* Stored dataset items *
+===+

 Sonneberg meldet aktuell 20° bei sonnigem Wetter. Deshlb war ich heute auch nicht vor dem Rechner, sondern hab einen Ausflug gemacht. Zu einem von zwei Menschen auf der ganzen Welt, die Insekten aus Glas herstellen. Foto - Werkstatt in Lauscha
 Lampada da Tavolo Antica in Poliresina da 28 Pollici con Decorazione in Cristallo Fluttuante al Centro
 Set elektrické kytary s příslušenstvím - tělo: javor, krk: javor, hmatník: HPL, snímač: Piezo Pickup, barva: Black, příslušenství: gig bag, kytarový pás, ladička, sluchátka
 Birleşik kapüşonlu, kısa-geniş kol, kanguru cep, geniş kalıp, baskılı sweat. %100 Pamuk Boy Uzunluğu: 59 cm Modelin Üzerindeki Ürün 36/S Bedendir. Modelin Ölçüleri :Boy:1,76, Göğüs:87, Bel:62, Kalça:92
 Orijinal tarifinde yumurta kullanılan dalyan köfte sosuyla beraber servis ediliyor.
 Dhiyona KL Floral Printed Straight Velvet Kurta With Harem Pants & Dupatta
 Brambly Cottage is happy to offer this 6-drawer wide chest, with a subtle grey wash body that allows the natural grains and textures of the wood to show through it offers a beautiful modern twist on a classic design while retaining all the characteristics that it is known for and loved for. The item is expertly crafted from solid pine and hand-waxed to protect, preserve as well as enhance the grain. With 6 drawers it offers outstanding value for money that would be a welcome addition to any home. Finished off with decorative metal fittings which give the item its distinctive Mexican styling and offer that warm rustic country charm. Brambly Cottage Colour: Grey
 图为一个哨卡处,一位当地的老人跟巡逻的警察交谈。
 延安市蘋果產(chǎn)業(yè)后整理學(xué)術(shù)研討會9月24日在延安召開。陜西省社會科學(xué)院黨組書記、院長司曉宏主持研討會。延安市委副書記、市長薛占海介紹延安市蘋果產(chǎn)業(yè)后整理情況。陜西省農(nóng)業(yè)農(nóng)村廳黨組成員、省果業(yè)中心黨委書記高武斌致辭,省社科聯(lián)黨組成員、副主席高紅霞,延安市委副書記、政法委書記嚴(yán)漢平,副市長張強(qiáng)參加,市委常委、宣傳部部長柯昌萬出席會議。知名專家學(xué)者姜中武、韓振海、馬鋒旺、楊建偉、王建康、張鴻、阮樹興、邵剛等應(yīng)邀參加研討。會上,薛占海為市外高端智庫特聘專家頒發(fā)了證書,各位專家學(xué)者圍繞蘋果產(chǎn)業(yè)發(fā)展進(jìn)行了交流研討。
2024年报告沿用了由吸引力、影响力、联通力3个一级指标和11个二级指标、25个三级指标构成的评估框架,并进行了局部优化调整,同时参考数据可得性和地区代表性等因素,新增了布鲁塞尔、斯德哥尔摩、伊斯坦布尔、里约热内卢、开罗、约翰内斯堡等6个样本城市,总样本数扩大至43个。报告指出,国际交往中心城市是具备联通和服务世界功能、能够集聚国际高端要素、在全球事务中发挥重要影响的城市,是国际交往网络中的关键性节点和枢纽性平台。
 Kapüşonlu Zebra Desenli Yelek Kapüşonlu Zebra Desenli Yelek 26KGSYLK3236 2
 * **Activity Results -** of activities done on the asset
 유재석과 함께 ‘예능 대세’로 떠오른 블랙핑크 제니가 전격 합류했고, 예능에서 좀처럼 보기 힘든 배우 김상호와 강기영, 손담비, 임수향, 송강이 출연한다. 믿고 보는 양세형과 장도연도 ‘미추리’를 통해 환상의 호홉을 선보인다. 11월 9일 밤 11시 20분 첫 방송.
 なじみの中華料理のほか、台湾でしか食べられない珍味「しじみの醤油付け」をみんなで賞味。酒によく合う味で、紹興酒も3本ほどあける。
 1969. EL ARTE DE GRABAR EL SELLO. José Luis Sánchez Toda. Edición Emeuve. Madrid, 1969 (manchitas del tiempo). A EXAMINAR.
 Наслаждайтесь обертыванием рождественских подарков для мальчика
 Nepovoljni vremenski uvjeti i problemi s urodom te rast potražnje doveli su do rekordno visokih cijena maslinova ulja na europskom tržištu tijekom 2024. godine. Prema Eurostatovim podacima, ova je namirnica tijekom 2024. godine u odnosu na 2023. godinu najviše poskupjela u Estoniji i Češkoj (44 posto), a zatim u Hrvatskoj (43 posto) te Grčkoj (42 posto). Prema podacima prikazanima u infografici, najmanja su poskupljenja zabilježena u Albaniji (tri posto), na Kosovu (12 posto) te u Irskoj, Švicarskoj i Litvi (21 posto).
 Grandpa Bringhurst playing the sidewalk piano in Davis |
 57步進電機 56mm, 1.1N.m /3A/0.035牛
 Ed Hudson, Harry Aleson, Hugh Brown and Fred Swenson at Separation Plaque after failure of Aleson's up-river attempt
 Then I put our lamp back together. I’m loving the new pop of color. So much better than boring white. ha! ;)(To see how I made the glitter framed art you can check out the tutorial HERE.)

+===+

* Task item *
Reproduce the entries above in full and exactly.

* Answer space *
 Sonneberg meldet aktuell 20° bei sonnigem Wetter. Deshlb war ich heute auch nicht vor dem Rechner, sondern hab einen Ausflug gemacht. Zu einem von zwei Menschen auf der ganzen Welt, die Insekten aus Glas herstellen. Foto - Werkstatt in Lauscha
 Lampada da Tavolo Antica in Poliresina da 28 Pollici con Decorazione in Cristallo Fluttuante al Centro
 Set elektrické kytary s příslušenstvím - tělo: javor, krk: javor, hmatník: HPL, snímač: Piezo Pickup, barva: Black, příslušenství: gig bag, kytarový pás, ladička, sluchátka
 Birleşik kapüşonlu, kısa-geniş kol, kanguru cep, geniş kalıp, baskılı sweat. %100 Pamuk Boy Uzunluğu: 59 cm Modelin Üzerindeki Ürün 36/S Bedendir. Modelin Ölçüleri :Boy:1,76, Göğüs:87, Bel:62, Kalça:92
 Orijinal tarifinde yumurta kullanılan dalyan köfte sosuyla beraber servis ediliyor.
 Dhiyona KL Floral Printed Straight Velvet Kurta With Harem Pants & Dupatta
 Brambly Cottage is happy to offer this 6-drawer wide chest, with a subtle grey wash body that allows the natural grains and textures of the wood to show through it offers a beautiful modern twist on a classic design while retaining all the characteristics that it is known for and loved for. The item is expertly crafted from solid pine and hand-waxed to protect, preserve as well as enhance the grain. With 6 drawers it offers outstanding value for money that would be a welcome addition to any home. Finished off with decorative metal fittings which give the item its distinctive Mexican styling and offer that warm rustic country charm. Brambly Cottage Colour: Grey
 图为一个哨卡处,一位当地的老人跟巡逻的警察交谈。
 延安市蘋果產(chǎn)業(yè)后整理學(xué)術(shù)研討會9月24日在延安召開。陜西省社會科學(xué)院黨組書記、院長司曉宏主持研討會。延安市委副書記、市長薛占海介紹延安市蘋果產(chǎn)業(yè)后整理情況。陜西省農(nóng)業(yè)農(nóng)村廳黨組成員、省果業(yè)中心黨委書記高武斌致辭,省社科聯(lián)黨組成員、副主席高紅霞,延安市委副書記、政法委書記嚴(yán)漢平,副市長張強(qiáng)參加,市委常委、宣傳部部長柯昌萬出席會議。知名專家學(xué)者姜中武、韓振海、馬鋒旺、楊建偉、王建康、張鴻、阮樹興、邵剛等應(yīng)邀參加研討。會上,薛占海為市外高端智庫特聘專家頒發(fā)了證書,各位專家學(xué)者圍繞蘋果產(chǎn)業(yè)發(fā)展進(jìn)行了交流研討。
2024年报告沿用了由吸引力、影响力、联通力3个一级指标和11个二级指标、25个三级指标构成的评估框架,并进行了局部优化调整,同时参考数据可得性和地区代表性等因素,新增了布鲁塞尔、斯德哥尔摩、伊斯坦布尔、里约热内卢、开罗、约翰内斯堡等6个样本城市,总样本数扩大至43个。报告指出,国际交往中心城市是具备联通和服务世界功能、能够集聚国际高端要素、在全球事务中发挥重要影响的城市,是国际交往网络中的关键性节点和枢纽性平台。
 Kapüşonlu Zebra Desenli Yelek Kapüşonlu Zebra Desenli Yelek 26KGSYLK3236 2
 * **Activity Results -** of activities done on the asset
 유재석과 함께 ‘예능 대세’로 떠오른 블랙핑크 제니가 전격 합류했고, 예능에서 좀처럼 보기 힘든 배우 김상호와 강기영, 손담비, 임수향, 송강이 출연한다. 믿고 보는 양세형과 장도연도 ‘미추리’를 통해 환상의 호홉을 선보인다. 11월 9일 밤 11시 20분 첫 방송.
 なじみの中華料理のほか、台湾でしか食べられない珍味「しじみの醤油付け」をみんなで賞味。酒によく合う味で、紹興酒も3本ほどあける。
 1969. EL ARTE DE GRABAR EL SELLO. José Luis Sánchez Toda. Edición Emeuve. Madrid, 1969 (manchitas del tiempo). A EXAMINAR.
 Наслаждайтесь обертыванием рождественских подарков для мальчика
 Nepovoljni vremenski uvjeti i problemi s urodom te rast potražnje doveli su do rekordno visokih cijena maslinova ulja na europskom tržištu tijekom 2024. godine. Prema Eurostatovim podacima, ova je namirnica tijekom 2024. godine u odnosu na 2023. godinu najviše poskupjela u Estoniji i Češkoj (44 posto), a zatim u Hrvatskoj (43 posto) te Grčkoj (42 posto). Prema podacima prikazanima u infografici, najmanja su poskupljenja zabilježena u Albaniji (tri posto), na Kosovu (12 posto) te u Irskoj, Švicarskoj i Litvi (21 posto).
 Grandpa Bringhurst playing the sidewalk piano in Davis |
 57步進電機 56mm, 1.1N.m /3A/0.035牛
 Ed Hudson, Harry Aleson, Hugh Brown and Fred Swenson at Separation Plaque after failure of Aleson's up-river attempt
 Then I put our lamp back together. I’m loving the new pop of color. So much better than boring white. ha! ;)(To see how I made the glitter framed art you can check out the tutorial HERE.)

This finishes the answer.